The phone rang. Drake took the cigarette out of his mouth, picked up the phone, said, “Drake talking.”
The detective listened for a moment, said, “Okay. That’s the way I had it figured. Stay on the job until I give you instructions to the contrary.”
Drake hung up and said, “That’s the operative out at the apartment house. Durant wasn’t in last night. The bed hasn’t been slept in.”
“A man like that would have been married at least once,” Mason said.
“Twice we know of,” Drake said. “Once, a young girl before he went in the army. She had a child four months after the marriage. She’s working to support the child.
“After he got out of the army he married into rather a wealthy family, but he reckoned without the old man. The old man had detectives on his trail, got all the dope he needed, waited until the daughter became disillusioned and then they threw Mr.
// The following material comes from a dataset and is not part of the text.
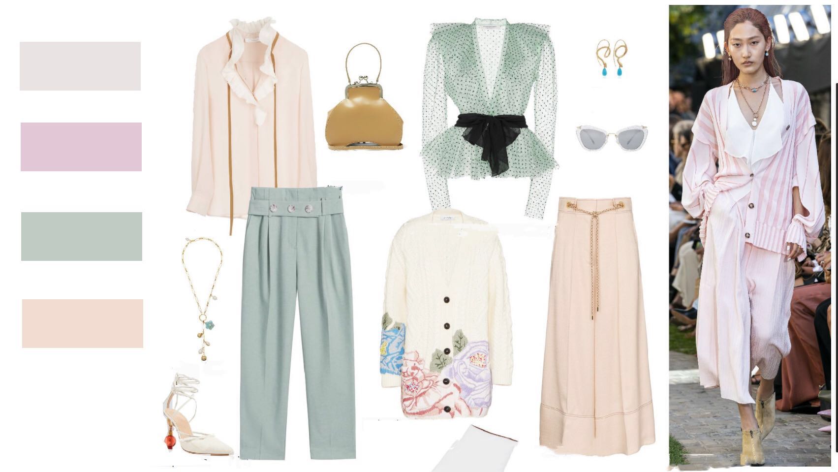 甜美温柔的货品基调:说到甜美,我们一定能想到粉色,粉色是典型的的女性色彩,跟带有狂热感情的红色不同,粉色是弱化了的红色、美化了的白色,带有柔软与顺从的感觉。买手可尝试将粉色与白色组合在一起,粉色会显得更加清新娇嫩。如图8-25所示。

Collin Durant out on his ear without a dime by way of settlement.”
“How long ago?” Mason asked.
“Four years.”
“What’s he been doing since — I mean for his love life?”
“Playing the field,” Drake said. “He has a good line of patter and he’s deadly on models who pose in the nude, young female artists who want a chance to get ahead — all the general rackets.
“I haven’t had a chance to check on him too much, because of the outlandish hour I started working... My God, Perry, I’ve run up a bill for you. If you’re footing this, it’s going to give you a jolt when you get the statement, but I thought you wanted results and... well, I sort of thought Otto Olney was the one who was back of all this and I just haven’t spared expenses in order to get results.”
“Don’t spare them,” Mason said. “I want results. In fact I have to have them.
“You have a description of Durant’s car?”
“Sure,” Drake said. He picked up a card, tossed it over to Mason. “There’s the make, model, license number, color — everything about it.”
Mason regarded the card thoughtfully.
“What about Maxine’s background? Any particular reason why she should be headed where she is headed?”
“We don’t know where she’s headed yet,” Drake said. “It could be Sacramento, it could be Eugene, it could be Portland, it could be Seattle, it could be Canada. Give her time. One thing’s certain. She’s headed on a long trip, she’s short of cash, and she’s trying to get where she’s going in a hurry.”